== DATA SEGMENT ==

=======

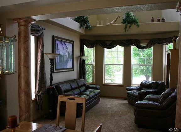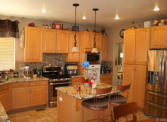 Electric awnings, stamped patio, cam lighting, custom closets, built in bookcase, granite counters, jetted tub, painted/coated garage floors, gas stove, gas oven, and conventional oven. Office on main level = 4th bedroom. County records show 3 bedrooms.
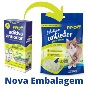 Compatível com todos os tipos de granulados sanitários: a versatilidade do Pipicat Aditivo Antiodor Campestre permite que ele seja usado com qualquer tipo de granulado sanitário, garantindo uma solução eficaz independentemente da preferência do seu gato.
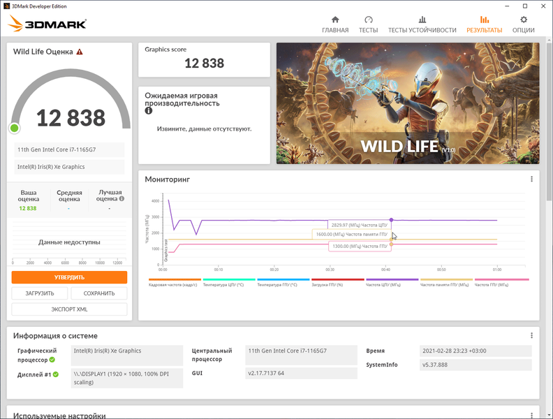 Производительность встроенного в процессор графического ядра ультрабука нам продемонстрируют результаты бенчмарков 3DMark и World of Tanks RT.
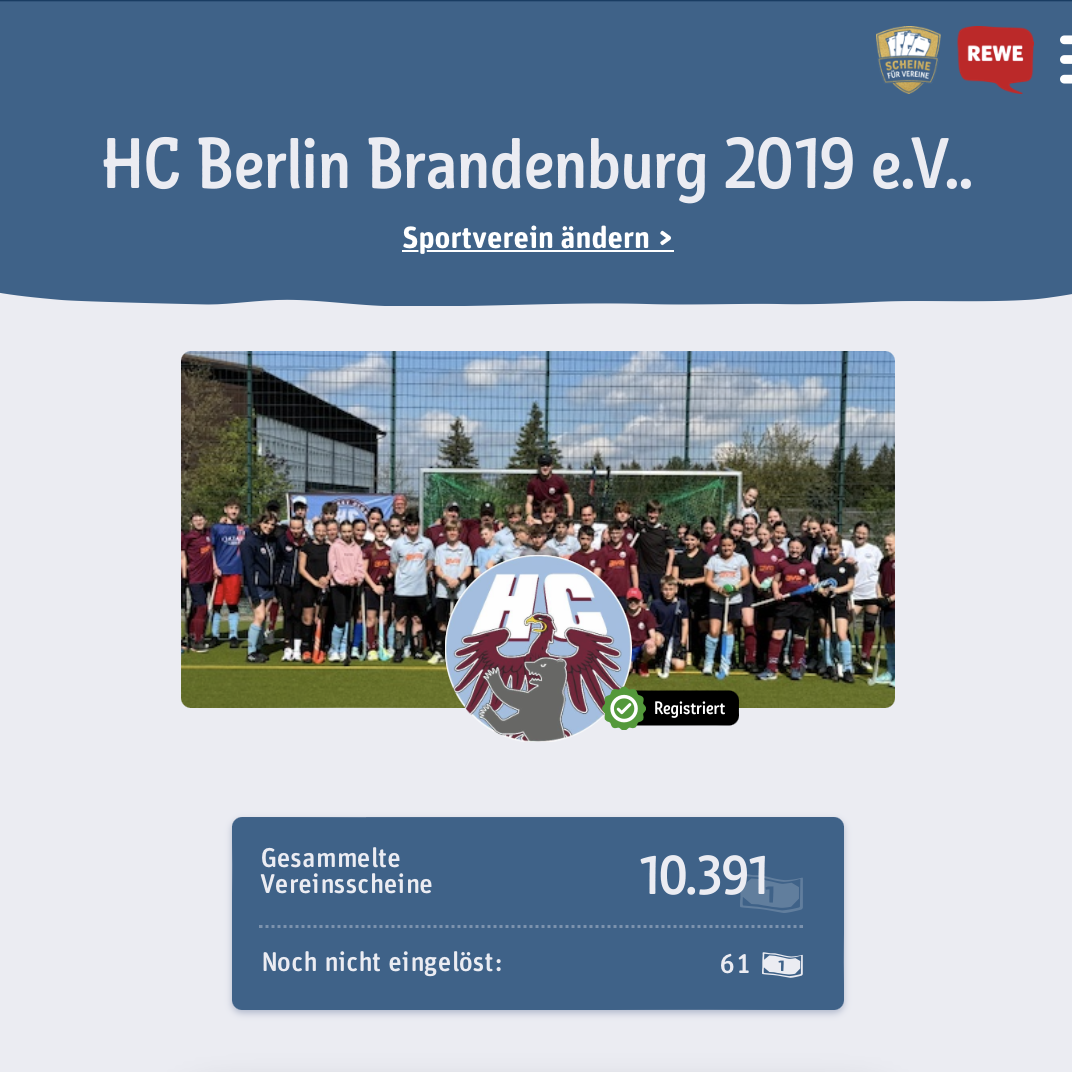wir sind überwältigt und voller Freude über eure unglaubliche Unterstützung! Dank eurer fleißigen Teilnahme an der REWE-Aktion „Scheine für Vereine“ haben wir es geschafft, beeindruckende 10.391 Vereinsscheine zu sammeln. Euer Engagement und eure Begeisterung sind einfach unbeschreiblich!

=======

== WHAT NEEDS TO BE DONE ==
Copy verbatim the span that begins at the line containing "Производительность встроенного в" and ends at the last line of the material, inclusive of both; exclude pictures.

== FINISHED TASK ==
 Производительность встроенного в процессор графического ядра ультрабука нам продемонстрируют результаты бенчмарков 3DMark и World of Tanks RT.
wir sind überwältigt und voller Freude über eure unglaubliche Unterstützung! Dank eurer fleißigen Teilnahme an der REWE-Aktion „Scheine für Vereine“ haben wir es geschafft, beeindruckende 10.391 Vereinsscheine zu sammeln. Euer Engagement und eure Begeisterung sind einfach unbeschreiblich!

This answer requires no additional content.